• [Material provided]:
···

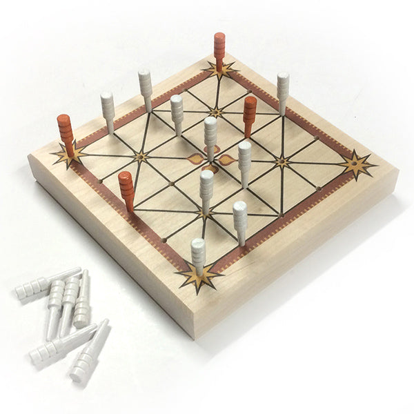 This deluxe version is nearly twice the size (5.5-inch square solid wood board) the the original Peg Pastimes™ travel version of Bagh Chal. With full-color artwork, the larger board allows easier play due to the spacing of the peg holes.
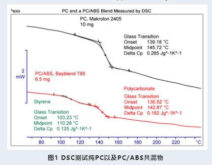 另外,根据比热容的改变量,还可以估算PC/ABS中各组分的含量。PC/ABS中的PC在发生Tg前后,比热容变化(delta Cp)为0.182J/g·K,纯PC在发生Tg前后的delta Cp为0.285J/g·K,两者相除后计算得到PC的含量大约为64%。
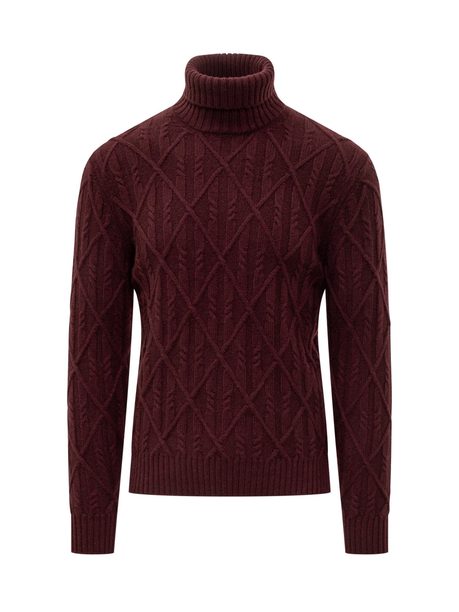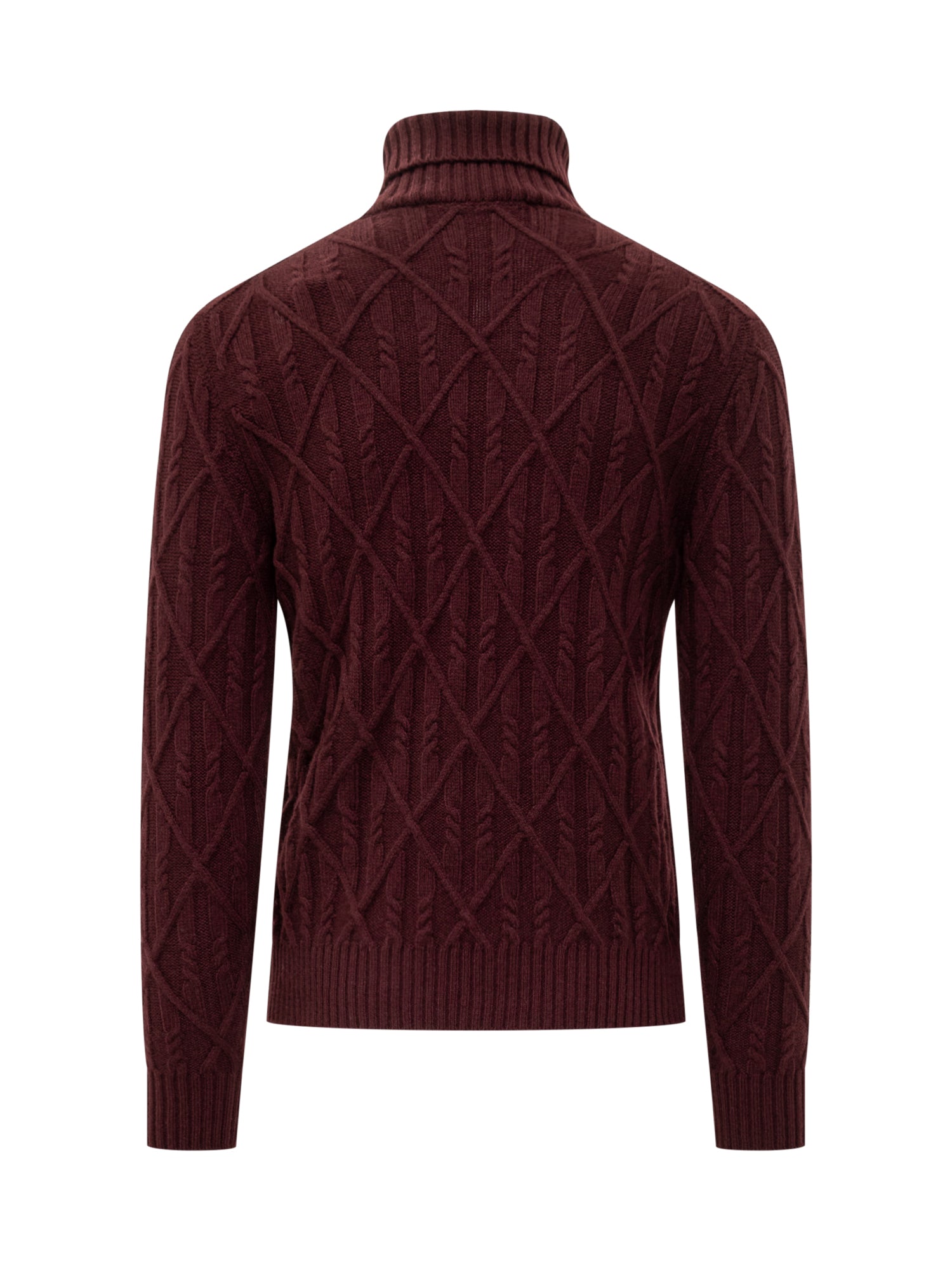 Dolcevita Lorenzoni in lana bordeaux con lavorazione a treccia e motivo geometrico.

···

Skipping the images, write out the whole listing exactly.

• [Answer to this problem]:
 This deluxe version is nearly twice the size (5.5-inch square solid wood board) the the original Peg Pastimes™ travel version of Bagh Chal. With full-color artwork, the larger board allows easier play due to the spacing of the peg holes.
 另外,根据比热容的改变量,还可以估算PC/ABS中各组分的含量。PC/ABS中的PC在发生Tg前后,比热容变化(delta Cp)为0.182J/g·K,纯PC在发生Tg前后的delta Cp为0.285J/g·K,两者相除后计算得到PC的含量大约为64%。
 Dolcevita Lorenzoni in lana bordeaux con lavorazione a treccia e motivo geometrico.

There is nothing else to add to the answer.